The two-stage reward design corresponds to "learning to search" then "learning to be efficient." Stage 1 uses \(R(\tau) = r_{fmt} + r_{acc} + r_{cov}\) (format + accuracy + tool coverage) to encourage diverse tool usage and basic navigation, optimized via GRPO or REINFORCE++. Stage 2 switches to \(R(\tau) = r_{fmt} + r_{acc} + r_{depth}\), replacing coverage incentives with the cognitive density reward \(r_{depth}\) to converge the policy from "broad search" to "precise search."

Key Experimental Results

Main Results

Task Dataset AgentGL Prev.
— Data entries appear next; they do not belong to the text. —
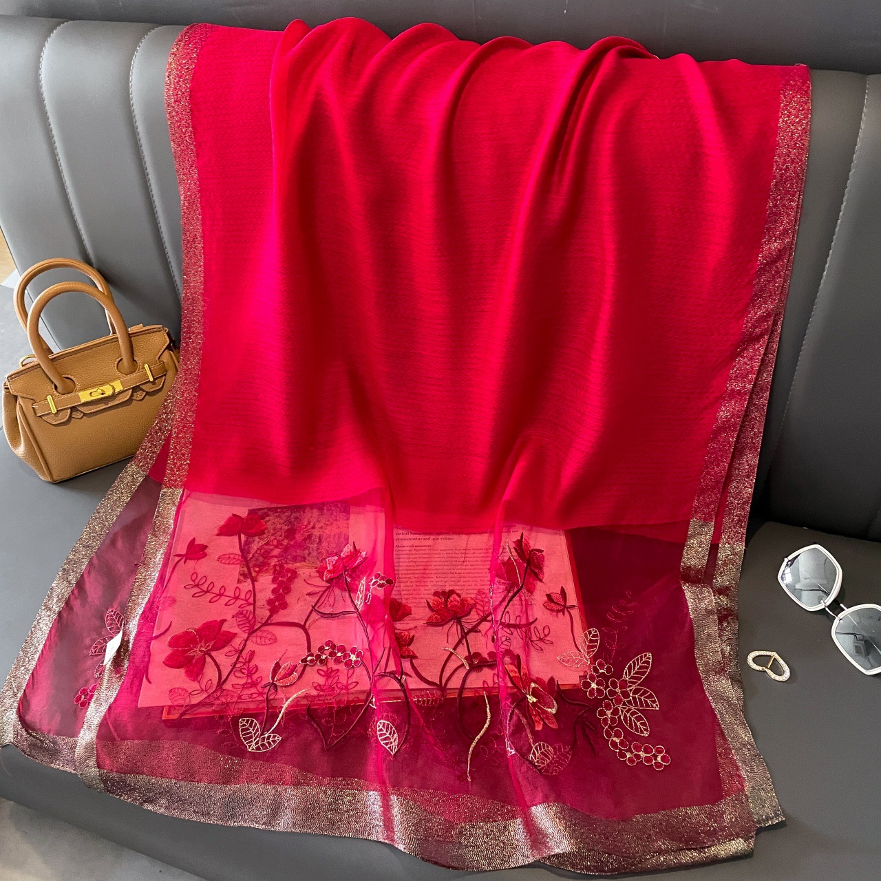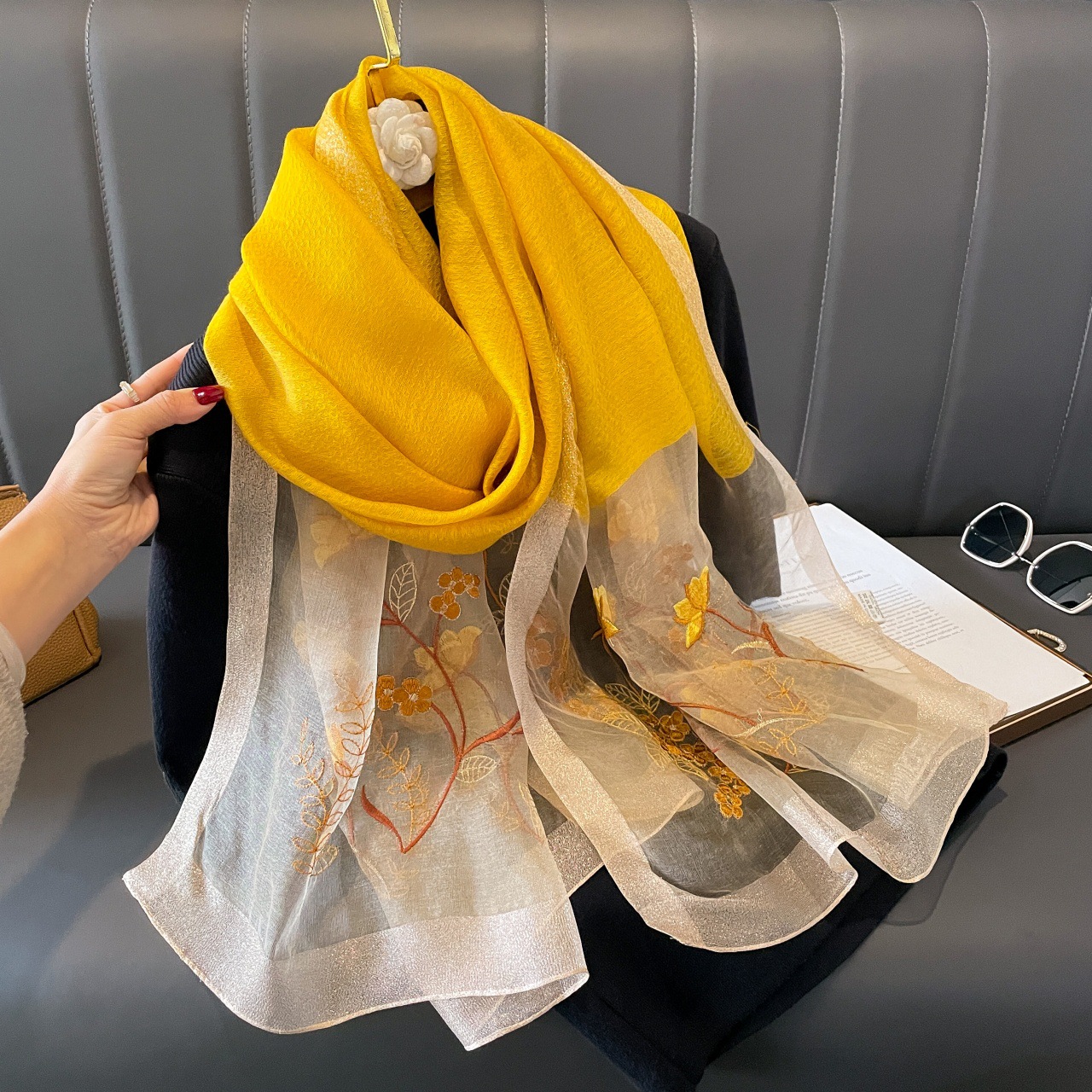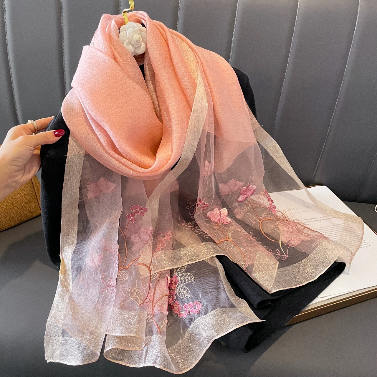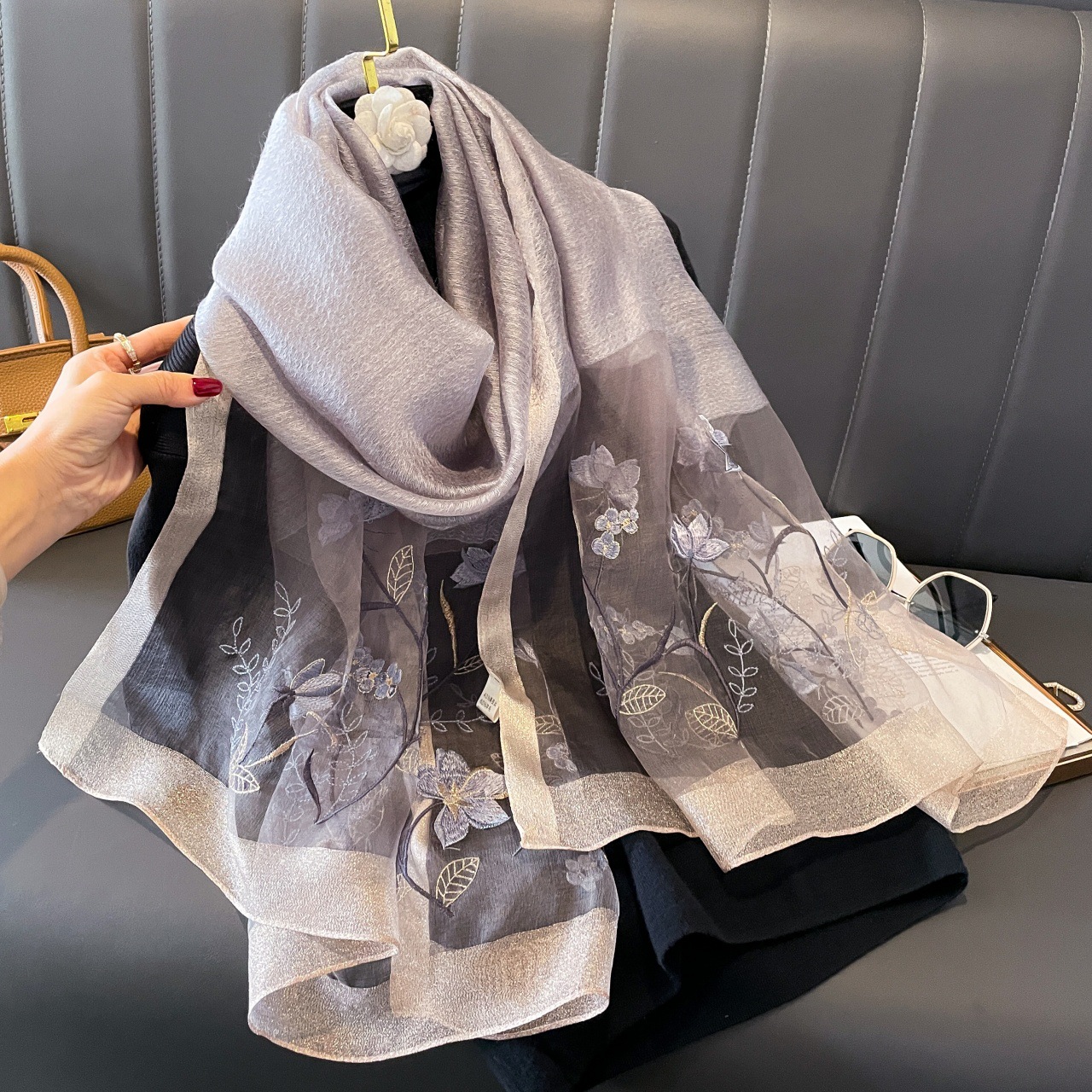 봄과 가을 새로운 자수 실크 울 스카프 여성의 겨울 따뜻한 목 에어컨 목도리 이중 목적 외부 착용스토어 가기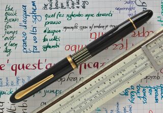 Foto di una penna Tibaldi. Modello: Tibaldi Trasp.M. Caricamento a stantuffo. Realizzazione in celluloide nera. Modello con pennino carenato, marcata "D-2333".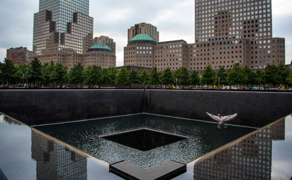 Bird in flight over 9 11 Memorial fountain in New York Manhattan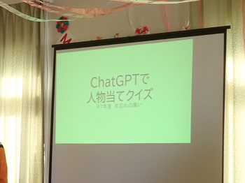 その後は「chatGPTで人物当てクイズ」を行いました。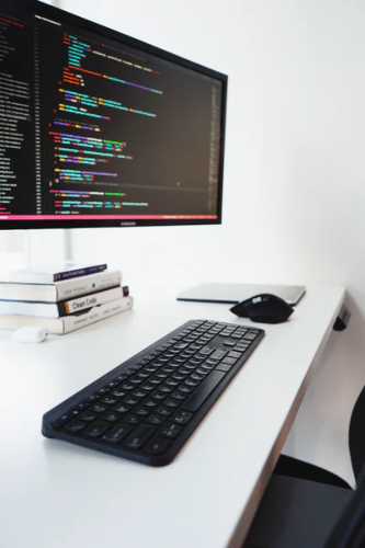 employee is working on his computer at work, from home.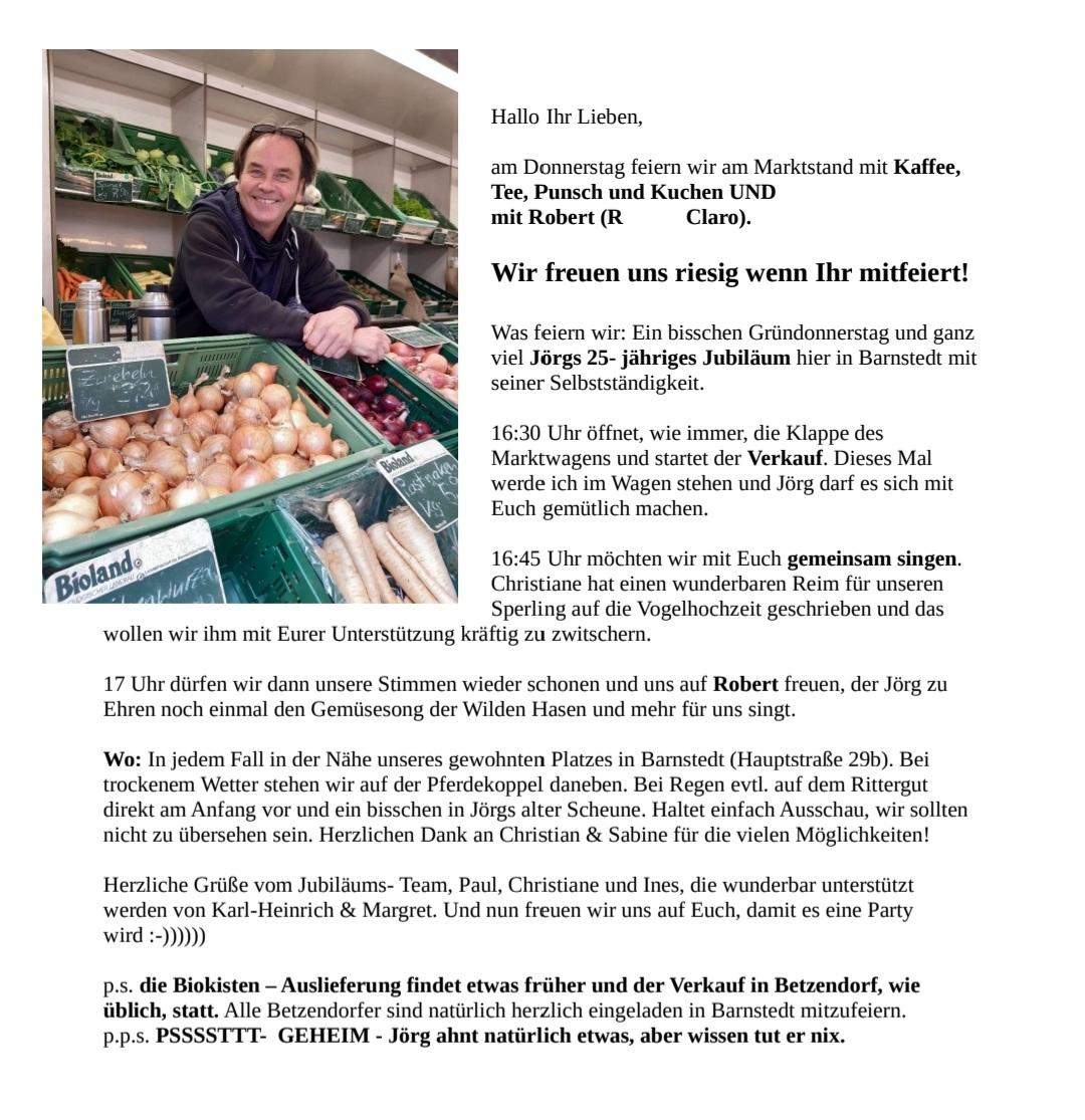 Jörg feiert am Donnerstag sein 25. Jubiläum mit seiner Selbständigkeit in Barnstedt!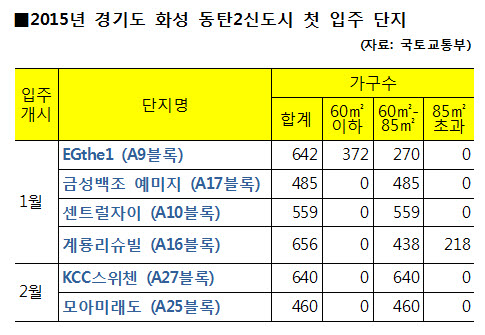 동탄2신도시는 내년 1월부터 첫 입주가 시작된다. 2012년 8월 가장 먼저 분양에 나섰던 시범단지 내 'EG the1' '금성백조 예미지' '센트럴자이' '계룡리슈빌' 등이 선두주자다. 이어 2월에는 'KCC스위첸' '모아미래도' 등의 단지에서 입주가 시작된다.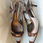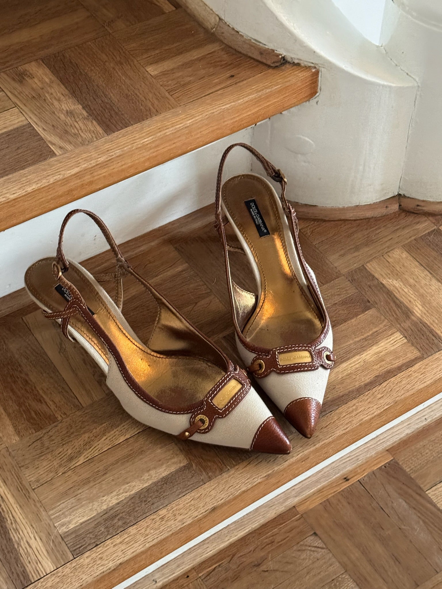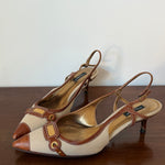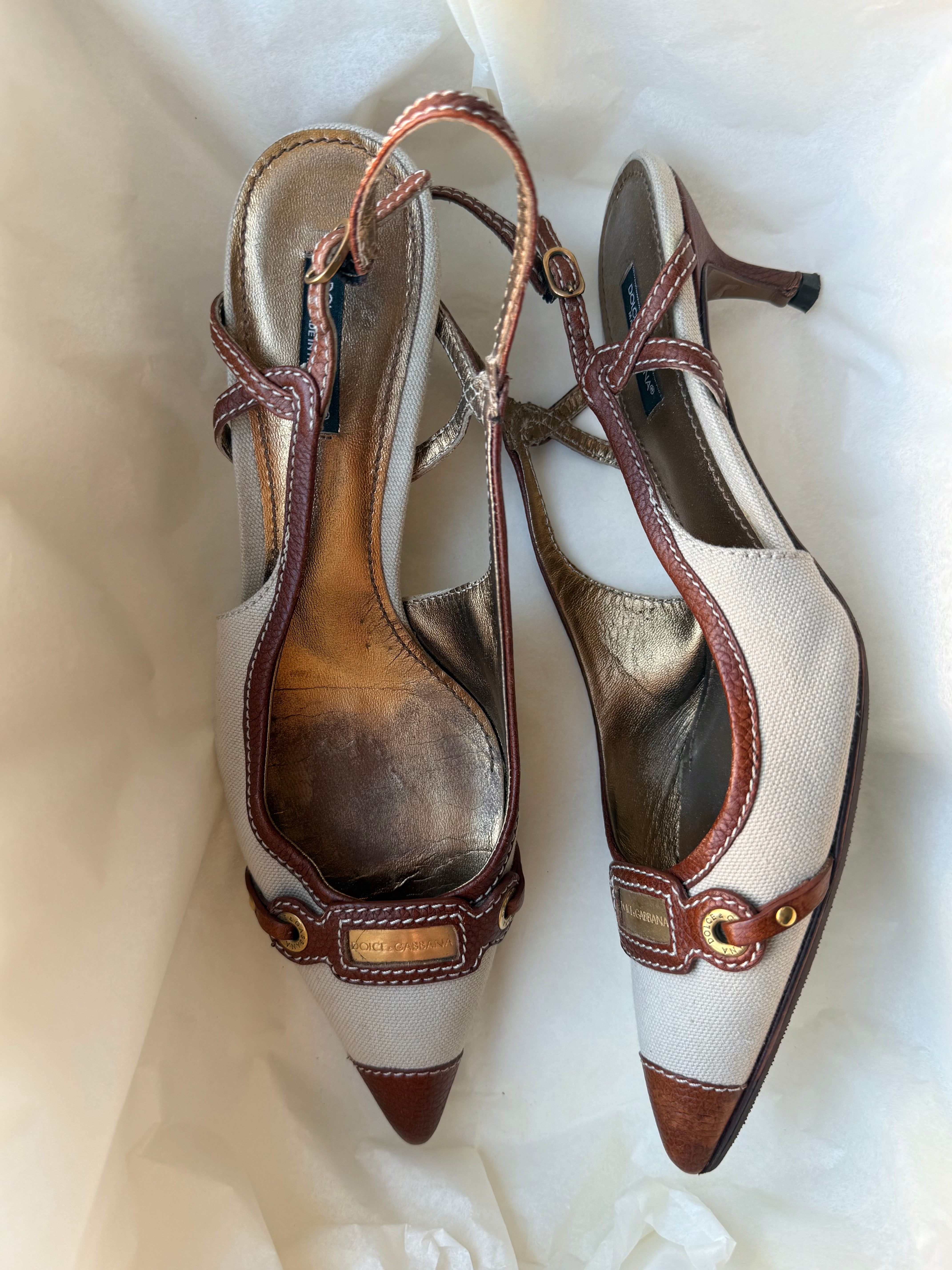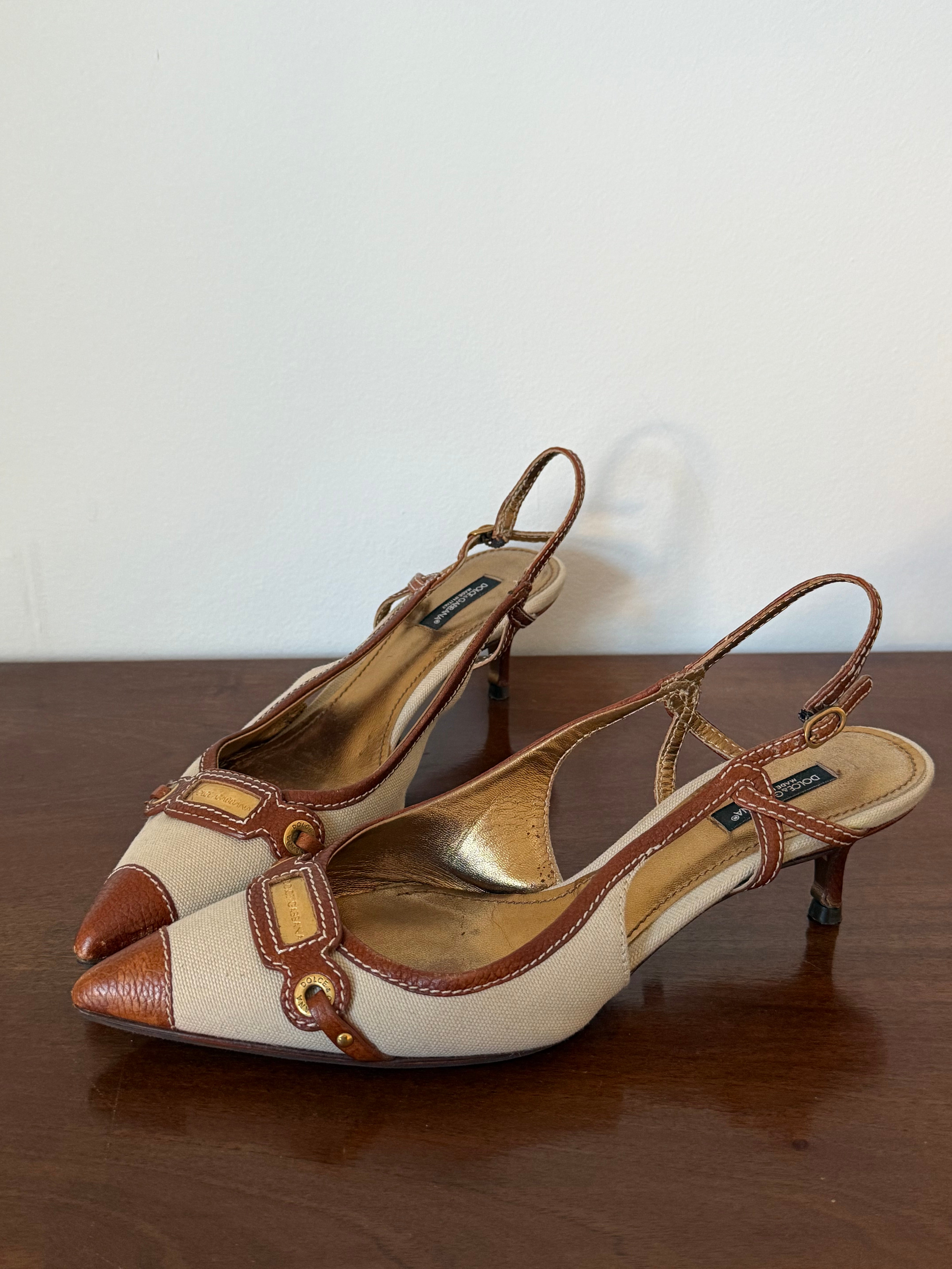 Vintage Dolce & Gabbana slingback pumps in beige canvas with brown leather trim, gold-tone hardware and a pointed toe.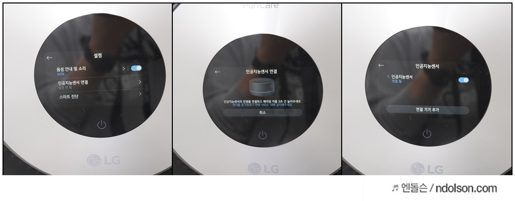 LG 퓨리케어 360도 공기청정기 알파 화면에서 설정 > 인공지능센서 연결을 눌러 줍니다. 그리고 인공지능센서의 하단에 페어링 버튼을 3초가량 눌러 줍니다. 그러면 연결이 됩니다.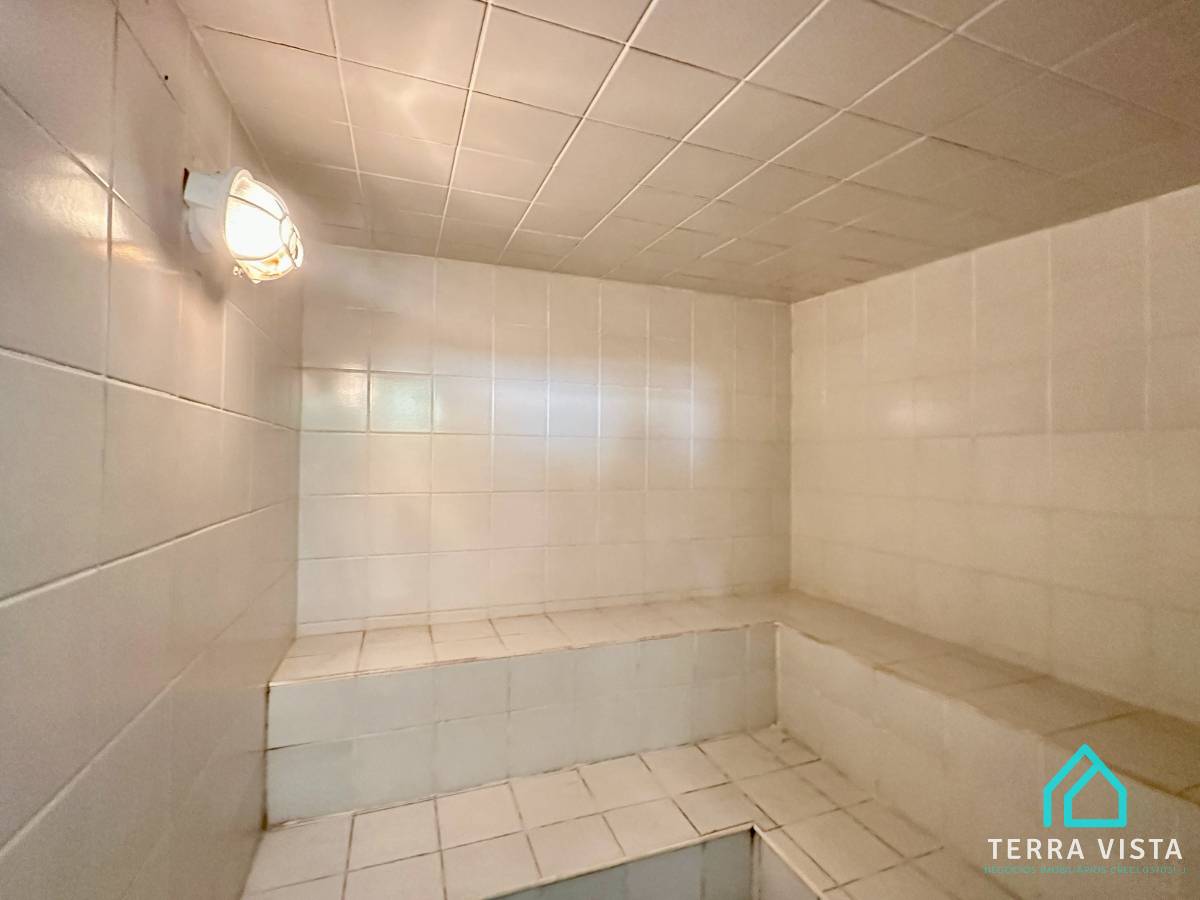 Condomínio com portão eletrônico, elevador, piscina adulto e infantil, área gourmet coletiva com 2 churrasqueiras e sauna.

SOTA Gain
Node Classification OGB-Arxiv 66.3 54.1 (GraphPrompter) +12.2
Node Classification PubMed 74.5 67.0 (GraphPrompter) +7.5
Link Prediction OGB-Arxiv 91.5 79.8 (LLaGA) +11.7
Link Prediction PubMed 75.8 62.5 (GraphICL) +13.3
Zero-shot (NC) Arxiv-23 63.6 52.2 (GraphICL) +11.4
Zero-shot (LP) Reddit 83.2 62.0 (GraphICL) +21.2

Ablation Study

Configuration Description
Full AgentGL Complete model, optimal performance
w/o GCCL Removed curriculum learning, unstable training, performance drop
w/o Search-Constrained Thinking Excessive retrieval but maintains basic capability
w/o Global Tools Only local tools, limited structural view, significant drop

Key Findings

  • Signficantly outperforms GNN, GraphLLM, and GraphRAG baselines across all 7 datasets.
  • Improvements in zero-shot transfer scenarios are particularly notable (Reddit LP +21.2%), indicating the learned search policies are highly generalizable.
  • Search-constrained thinking significantly reduces tool invocation counts while maintaining or improving accuracy.

Highlights & Insights

  • The AGL paradigm itself is the core contribution: Redefining graph learning from "static encoding" to "interactive navigation + reasoning" opens new directions for LLM applications on structured data.
  • Zero-cost curriculum learning: Utilizing intrinsic graph properties to automatically quantify difficulty avoids the bottleneck of manual labeling.
  • Transferable search-constrained thinking: The "think more, search less" design is applicable to any tool-augmented LLM scenario.

Limitations & Future Work

  • Validated only on node classification and link prediction; community detection and graph classification are not yet covered.
  • Graph-native tools are manually designed; future work could allow agents to autonomously discover or combine new tools.
  • Training costs are relatively high (multiple RL rounds); scalability on large-scale graphs remains to be verified.
  • vs GraphRAG (HippoRAG2): GraphRAG requires knowledge graph reconstruction and loses original topology, whereas AgentGL navigates directly on the original graph.
  • vs GraphCoT: Relies on heuristic prompting and is limited to graph QA, while AgentGL optimizes search policies end-to-end via RL.

Rating

  • Novelty: ⭐⭐⭐⭐⭐ First work to combine AGL and RL, pioneering a new direction.
  • Experimental Thoroughness: ⭐⭐⭐⭐ 7 datasets + multiple backbones; ablation studies could be more extensive.
  • Writing Quality: ⭐⭐⭐⭐ Clear framework and rigorous formulations.
  • Value: ⭐⭐⭐⭐⭐ The AGL paradigm has significant potential to drive deep integration of graph learning and LLMs.